Actors go on talk show circuits for a very good (financial) reason: they want you to see their new movie. You need convincing that it's worth $10 and two hours of your time.
It makes sense, really; from the actors to the studios to the theaters, all brands benefit from a star actor exposing their human side on The Daily Show, David Letterman, etc. Certainly, you learn something about the movie, its origins, and why the people involved are so happy with it, but ultimately you never know how good the movie is until you've seen it yourself (or read Rotten Tomatoes).
These cinematic PR tours aren't much different than anything you'll hear or read coming out of NBA media days. The Milwaukee Bucks held theirs on Monday, and it met expectations. Media day is essentially a movie trailer advertising the team's ambiguous knowns and unknowns. An opportunity to set the bar for a season expected to be better than the last. By design, we're left with more questions than answers.

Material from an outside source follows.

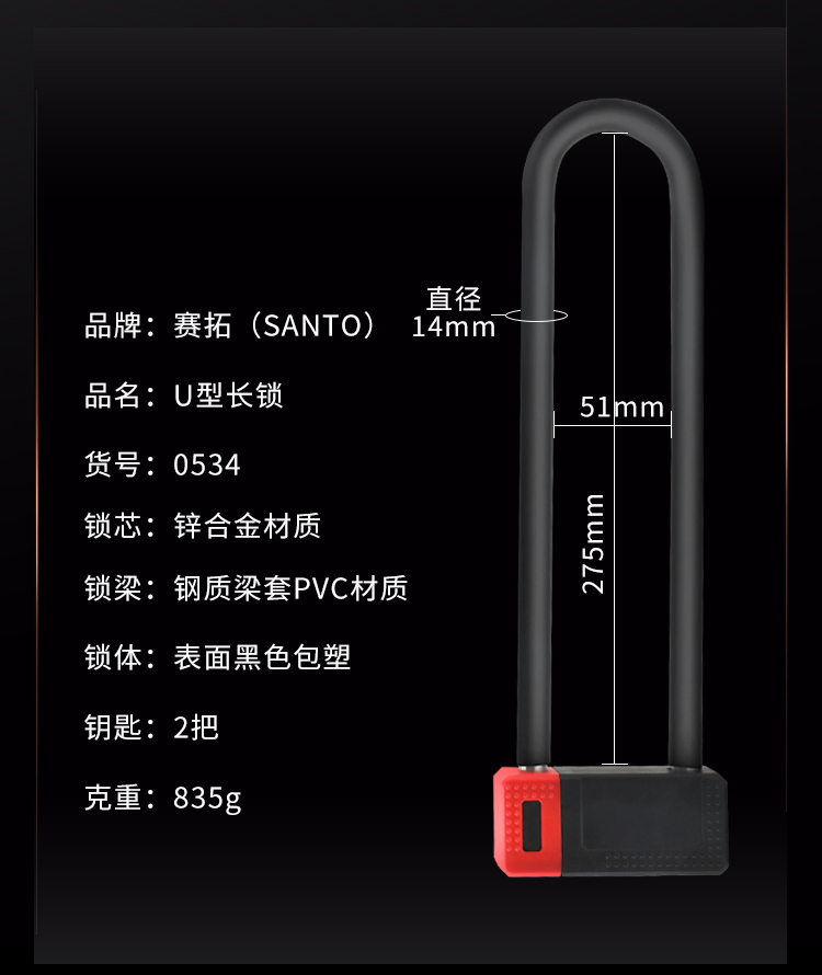 赛拓U型锁12*80*330mm 0534 黑色

Void of any meaningful game tape or locker room grumblings, it's hard to do anything but reflect on the disappointment that was 2011-12 and listen to the Bucks plant seeds of hope for 2012-13. This doesn't mean a preseason media session is fruitless; rather, players and coaches can only reveal so much information because they have only a little more than we do at this point.
Scott Skiles can't give an honest assessment of minute allocations because the 2012-13 Bucks were literally 18 some hours away from stepping onto a court together for the first time. John Henson can't tell you what the NBA grind feels like for a rookie without a real practice. Media members can only ask speculative questions based on past knowledge and future assumptions, neither of which produce revelations about the team's make-up.
We don't know if Brandon Jennings and Monta Ellis are going to mesh together over a full season, or repel each other like negative magnets. We can only predict (with unfailing optimism if you're taking media day quotes as gospel) how Skiles will shuffle and pair together his stacked front court on a nightly basis. What we do know, however, is there's work, and it needs to be done before November 2.